[[ Dataset records, beginning ]]
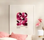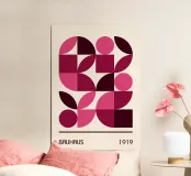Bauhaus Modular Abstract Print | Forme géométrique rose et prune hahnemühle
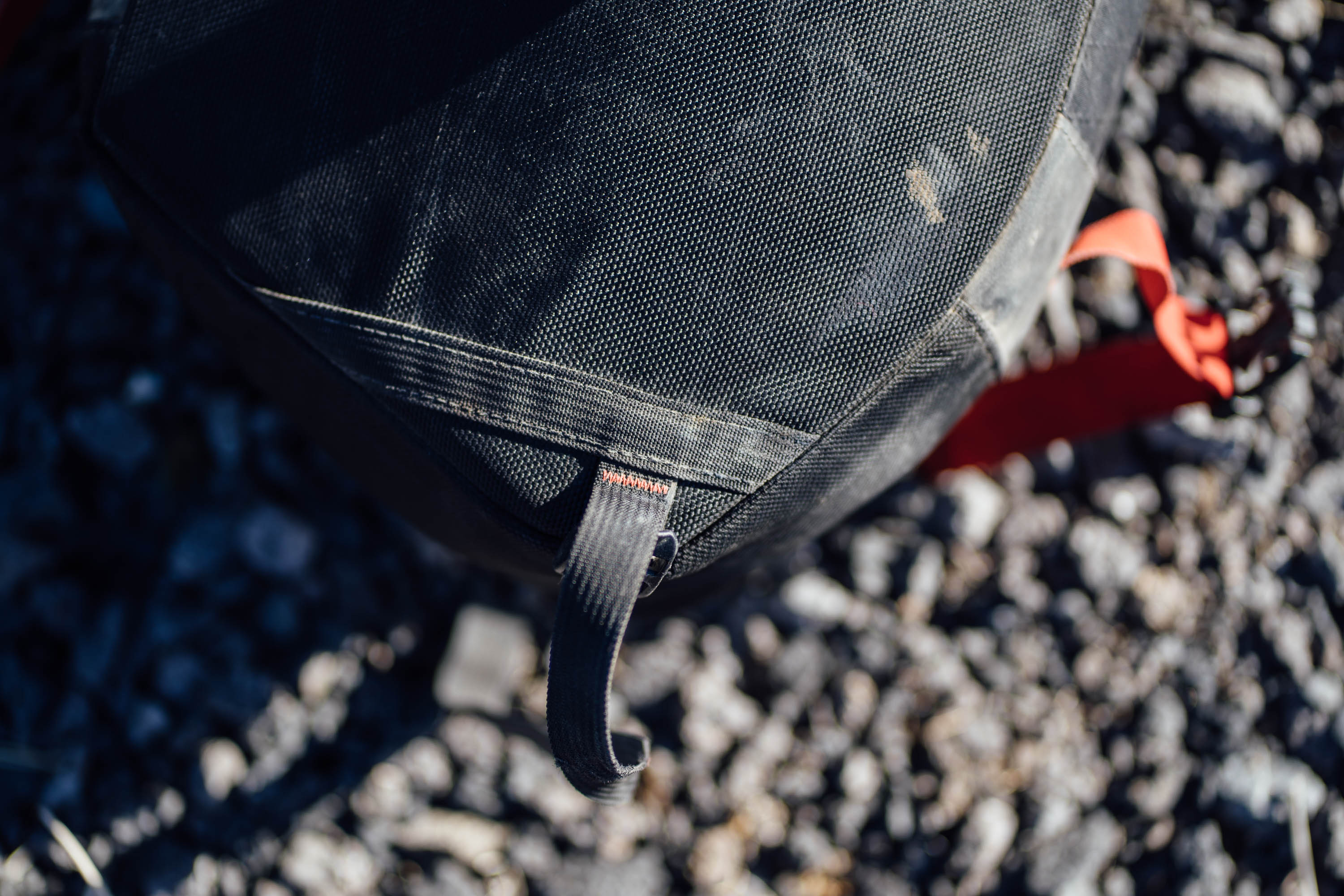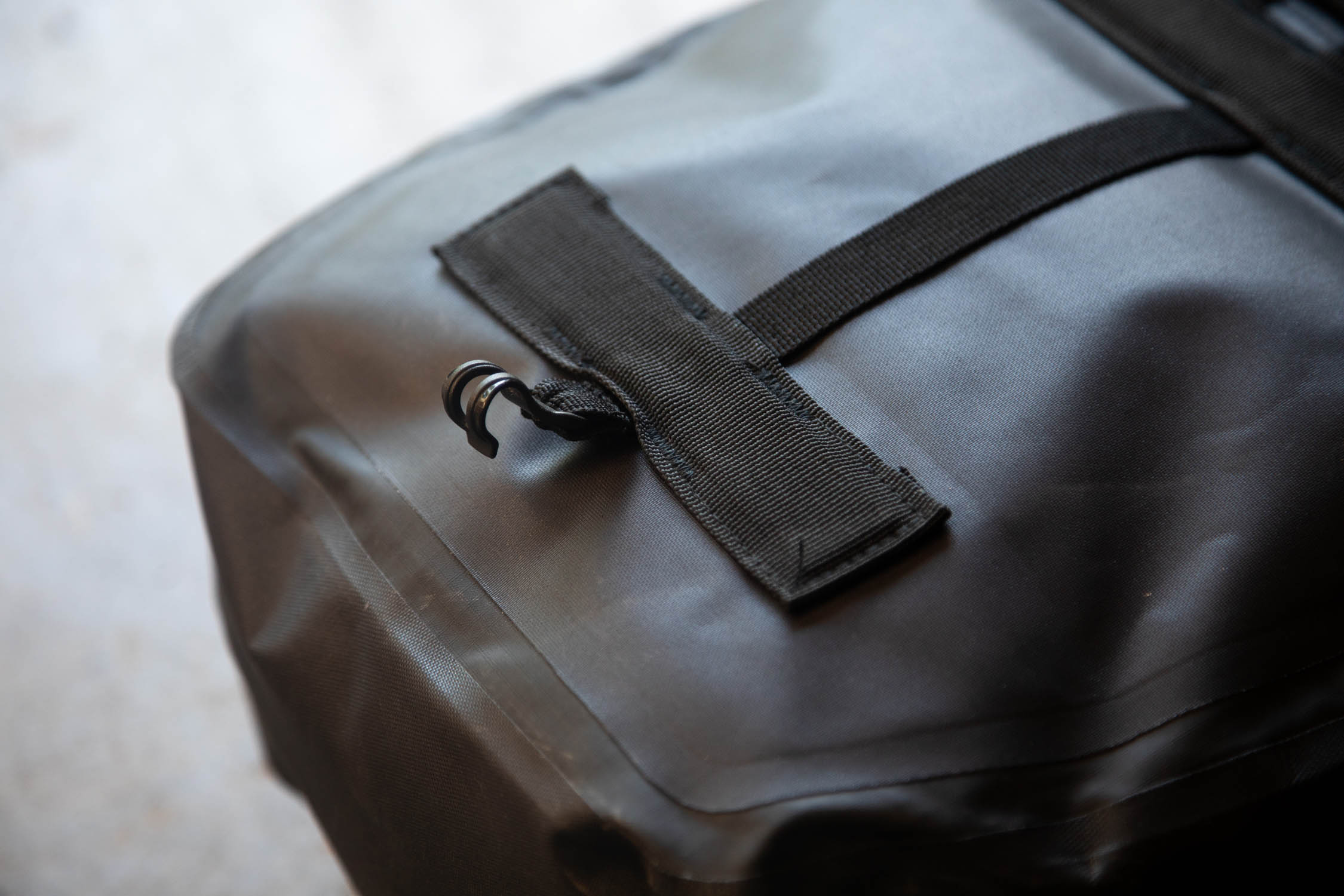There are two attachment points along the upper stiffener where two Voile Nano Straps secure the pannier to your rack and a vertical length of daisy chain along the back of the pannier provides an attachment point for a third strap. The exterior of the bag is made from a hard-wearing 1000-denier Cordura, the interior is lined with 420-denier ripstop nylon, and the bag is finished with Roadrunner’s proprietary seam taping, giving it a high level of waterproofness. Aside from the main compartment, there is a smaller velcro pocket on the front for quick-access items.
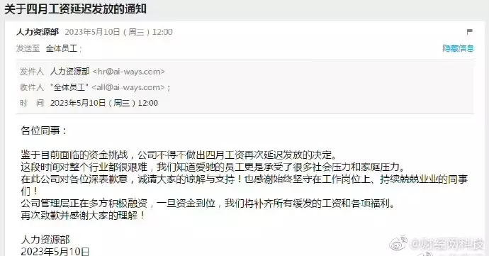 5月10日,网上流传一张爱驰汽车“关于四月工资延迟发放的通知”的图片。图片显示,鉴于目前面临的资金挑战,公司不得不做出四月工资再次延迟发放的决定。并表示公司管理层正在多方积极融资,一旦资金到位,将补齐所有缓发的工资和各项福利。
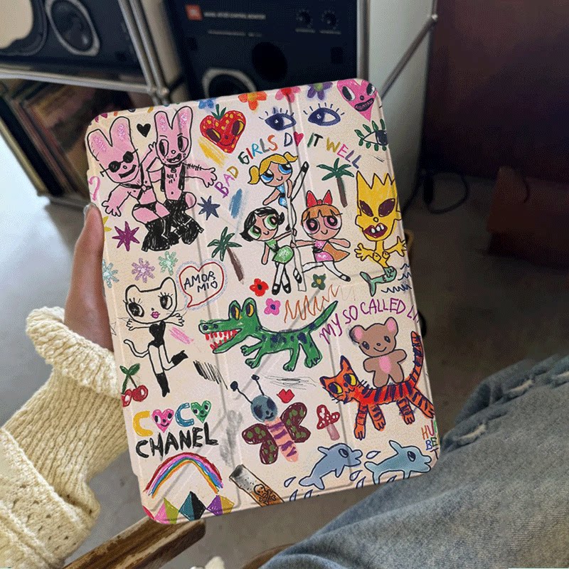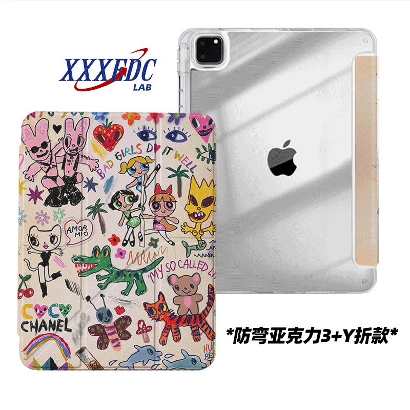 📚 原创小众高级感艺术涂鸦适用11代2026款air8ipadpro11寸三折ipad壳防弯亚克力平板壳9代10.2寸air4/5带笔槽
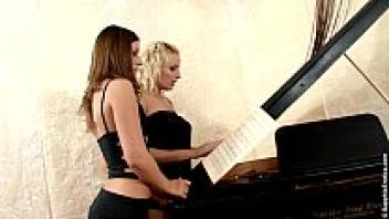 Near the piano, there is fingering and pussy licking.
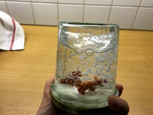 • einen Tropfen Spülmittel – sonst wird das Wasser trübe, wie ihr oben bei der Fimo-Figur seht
[[ Dataset records, end ]]
Exercise description ::
Only the lines from the top of the data through the line with "5月10日,网上流传一张爱驰" should be quoted, exactly and with both ends kept; skip the pictures.

Written answer ::
Bauhaus Modular Abstract Print | Forme géométrique rose et prune hahnemühle
There are two attachment points along the upper stiffener where two Voile Nano Straps secure the pannier to your rack and a vertical length of daisy chain along the back of the pannier provides an attachment point for a third strap. The exterior of the bag is made from a hard-wearing 1000-denier Cordura, the interior is lined with 420-denier ripstop nylon, and the bag is finished with Roadrunner’s proprietary seam taping, giving it a high level of waterproofness. Aside from the main compartment, there is a smaller velcro pocket on the front for quick-access items.
 5月10日,网上流传一张爱驰汽车“关于四月工资延迟发放的通知”的图片。图片显示,鉴于目前面临的资金挑战,公司不得不做出四月工资再次延迟发放的决定。并表示公司管理层正在多方积极融资,一旦资金到位,将补齐所有缓发的工资和各项福利。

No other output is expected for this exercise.